Visitors at the event soaked up a wealth of exciting information about the period while surrounded by the sounds of the Ice Age as John created a hand axe from a block of flint using bone and quartzite.
He explained how a hand axe would have been used for butchering animals, woodwork and smashing open bones to reach the marrow. Visitors handled the tools John made, which resembled exactly those used by Neanderthals, complete with serrated edges and chopping surfaces.
The development of tools was also explained, as John showed visitors how blades could be fitted into wood or antler to make sharp implements.
As well as the live flint knapping display, there was an impressive collection of replica and genuine Ice Age artefacts, including items found in Creswell’s caves which date back to around 40,000 years ago.
John explained why the workshops are so enjoyable: “We do really active demonstrations, and try to encourage people to connect with the period, imagining what it would have been like to have lived and survived thousands of years ago.”
Val Lord specialises in working with bone, antler and other natural materials and she showed how to make impressively strong string and rope from stinging nettles. The string would have been used to bind tools together, such as attaching a flint blade to a wooden handle to create an axe for tree-felling.
The evening seemed to be very popular with those who went along. “I found it really exciting to see what prehistoric man was capable of making," said one visitor. "To hold a tool which had been made by a Neanderthal here in Creswell over 40,000 years ago is truly mind-blowing.”

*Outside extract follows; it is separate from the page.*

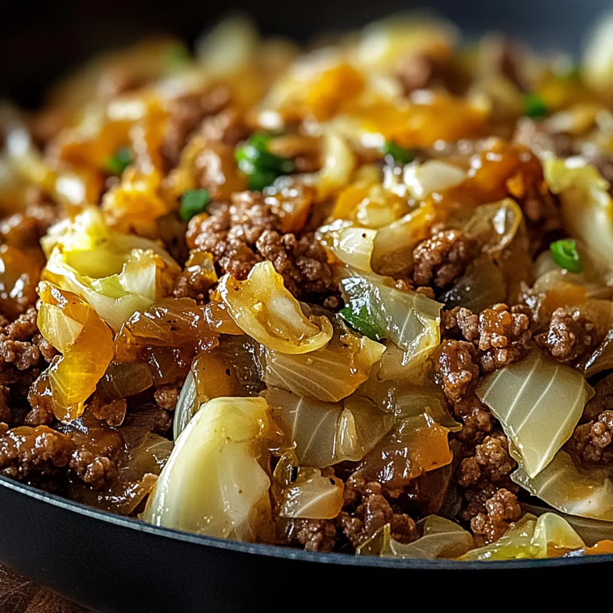 As I stood in the kitchen, the aroma of sautéing garlic and onion wafted through the air, instantly bringing back memories of family dinners filled with laughter and warmth. In this busy world, we often crave simple comforts, and that’s where this One-Pan Ground Beef and Chopped Cabbage Delight steps in. Not only is it a quick dinner solution, but it’s also incredibly customizable—perfect for those nights when you just want something satisfying without spending hours at the stove. Packed with healthy, hearty ingredients, this dish provides a fulfilling meal that feels indulgent with minimal effort. Plus, you can easily swap in ground turkey or veggie proteins for a fun twist! So why not join me on this culinary adventure and elevate your weeknight meals? What variations will you try today?

Creswell Crags is a picturesque limestone gorge, scattered with caves where stone tools and remains of animals suggest a fascinating story of life from the beginning of human evolution. The site is very important in the history of human development, as its network of ancient caves is home to the oldest examples of art in Britain.
In 2003 archaeologists discovered engravings of Ice Age animals on the walls and ceiling of the Church Hole cave in Creswell. More engravings and drawings have been found in other caves and Church Hole is believed to be the richest sculptured rock art ceiling in the world.
The engravings represent a wide variety of animals we would recognise today, including deer, horses, bison, bears and birds. The art in the caves was created using sharp flint tools to engrave the outlines and contours of animals.
Continuing the innovation theme, Creswell is holding ‘Sonic Timeline’ workshops with artist Brian Boothby, who specialises in sound design. On May 31, people are invited to come along and help create a sonic timeline of the Crags.
“We will be experimenting with prehistoric noises, lost languages and modern sound, playing them in different areas of the gorge and seeing what imagery is created by these sounds,” says Anna Griffiths from Creswell Crags.
Tours of the caves are also available from March through to September.